**TASK TO CARRY OUT:** Would you please repeat all of the data exactly, omitting the pictures?

**SOURCE DATA:**
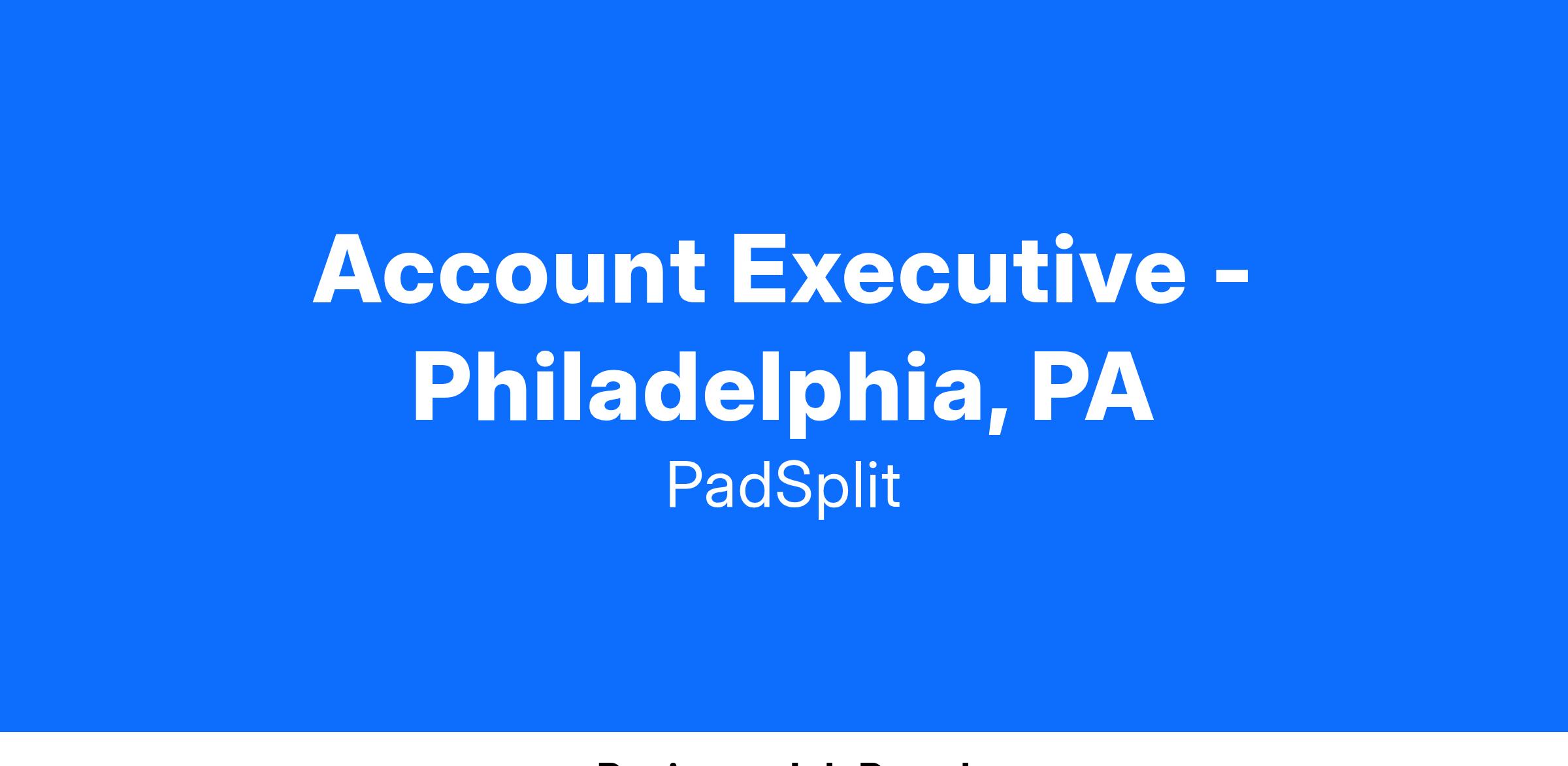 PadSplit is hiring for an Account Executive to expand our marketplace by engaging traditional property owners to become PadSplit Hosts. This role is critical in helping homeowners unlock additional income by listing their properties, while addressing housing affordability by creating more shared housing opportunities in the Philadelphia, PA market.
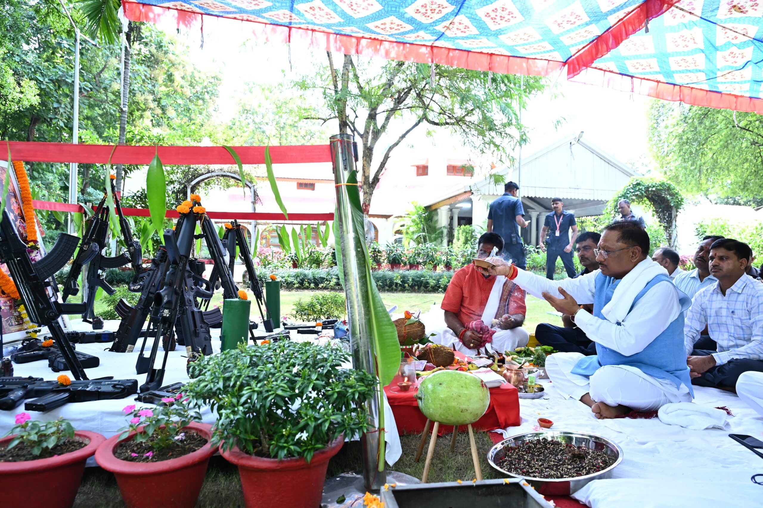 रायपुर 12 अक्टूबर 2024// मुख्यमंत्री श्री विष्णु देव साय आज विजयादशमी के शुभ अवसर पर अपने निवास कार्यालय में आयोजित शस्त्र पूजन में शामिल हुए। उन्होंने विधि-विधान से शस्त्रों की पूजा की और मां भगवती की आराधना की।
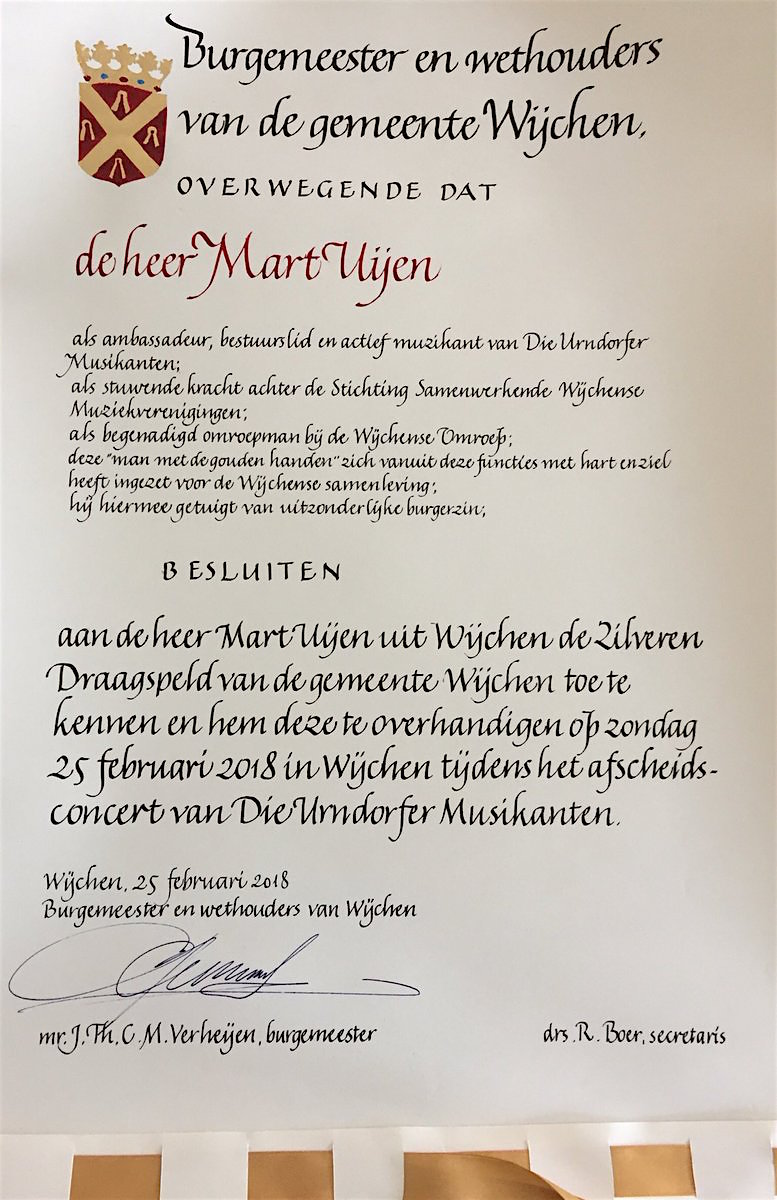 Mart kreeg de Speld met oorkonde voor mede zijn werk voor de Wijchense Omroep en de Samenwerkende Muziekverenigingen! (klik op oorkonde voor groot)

**EXERCISE ANSWER:**
 PadSplit is hiring for an Account Executive to expand our marketplace by engaging traditional property owners to become PadSplit Hosts. This role is critical in helping homeowners unlock additional income by listing their properties, while addressing housing affordability by creating more shared housing opportunities in the Philadelphia, PA market.
 रायपुर 12 अक्टूबर 2024// मुख्यमंत्री श्री विष्णु देव साय आज विजयादशमी के शुभ अवसर पर अपने निवास कार्यालय में आयोजित शस्त्र पूजन में शामिल हुए। उन्होंने विधि-विधान से शस्त्रों की पूजा की और मां भगवती की आराधना की।
 Mart kreeg de Speld met oorkonde voor mede zijn werk voor de Wijchense Omroep en de Samenwerkende Muziekverenigingen! (klik op oorkonde voor groot)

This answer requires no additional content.